De la Liberté

Et un orateur dit: Parle-nous de la Liberté.

Et il répondit:

Je vous ai vus vous prosterner aux portes de la cité et dans vos foyers pour aduler votre liberté,

Comme des esclaves qui s’humilient devant un tyran et l’adorent d’autant qu’il les opprime.

Oui, dans les jardins du temple et sous les murs de la citadelle, j’ai vu le plus libre d’entre vous porter sa liberté comme un joug et des bracelets de fer.

Et j’ai senti que mon cœur saignait, car vous ne serez vraiment libres que lorsque le désir d’être libre deviendra pour vous une entrave, et lorsque vous cesserez de parler de la liberté comme d’un but et d’une consécration.

Vous serez vraiment libres non pas seulement lorsque vos jours seront sans souci et vos nuits sans solitude ni chagrin,

Mais lorsque ces choses ne feront que ceindre votre vie et que vous vous élèverez au-dessus d’elles, nus et sans attaches.

Et comment pourrez-vous croître au-delà de vos jours et de vos nuits, si vous ne brisez pas les chaînes par lesquelles vous avez, aux premières lueurs de votre compréhension, dévié de la voie du jour?

En vérité ce que vous appelez liberté est la plus lourde des chaînes, et vous êtes éblouis par ses maillons qui brillent dans le soleil.

Ne vous faudra-t-il pas d’abord vous séparer de certaines parties de vous-mêmes si vous voulez être libres ?

S’il vous apparaît qu’il vous faut commencer par abolir une loi injuste, n’oubliez pas que c’est vous-mêmes qui l’avez inscrite sur votre front.

Et vous ne pourrez l’abolir en brûlant les livres de lois ni en lavant le front de vos juges, dussiez-vous user de toutes les eaux de l’océan.

S’il vous apparaît que c’est en renversant le despote que vous serez libres, assurez vous d’abord de détruire le trône que vous lui avez érigé dans votre cœur.
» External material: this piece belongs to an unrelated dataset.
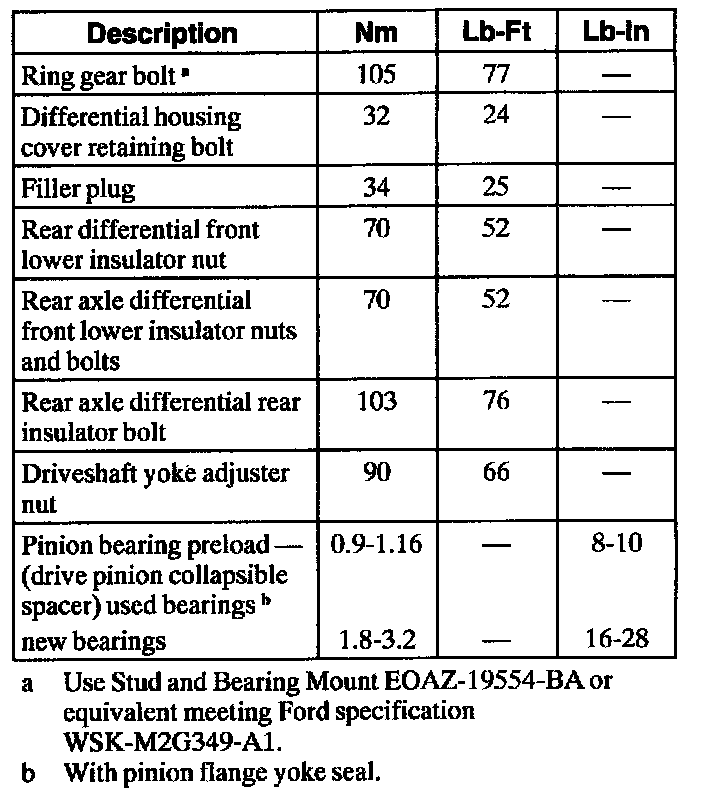 Torque Specifications

Car comment un tyran peut-il imposer sa loi à des êtres libres et fiers s’il n’existe pas une tyrannie au cœur de leur liberté et une honte au cœur de leur fierté ?

Et si c’est d’une inquiétude que vous voulez vous délivrer, n’oubliez pas que celle-ci fut bien moins imposée que choisie par vous-mêmes.

Et si c’est d’une peur que vous voulez vous affranchir, n’oubliez pas que cette peur a son siège en votre cœur et non dans la main que vous redoutez.

En vérité, tout ce qui se meut en vous-mêmes va par paires enlacées en une étreinte constante: ce que vous désirez va avec ce que vous redoutez, ce qui vous répugne, avec ce qui vous est agréable, ce que vous recherchez, avec ce que vous fuyez.

Ces choses se meuvent en vous en jeux d’ombres et de lumières où les unes ne vont pas sans les autres.

Et lorsqu’une ombre se dissipe et disparaît, la lumière rémanente devient l’ombre d’une autre lumière.

Et ainsi, lorsque plus rien n’enchaîne votre liberté,

Celle-ci devient-elle à son tour l’entrave d’une autre liberté.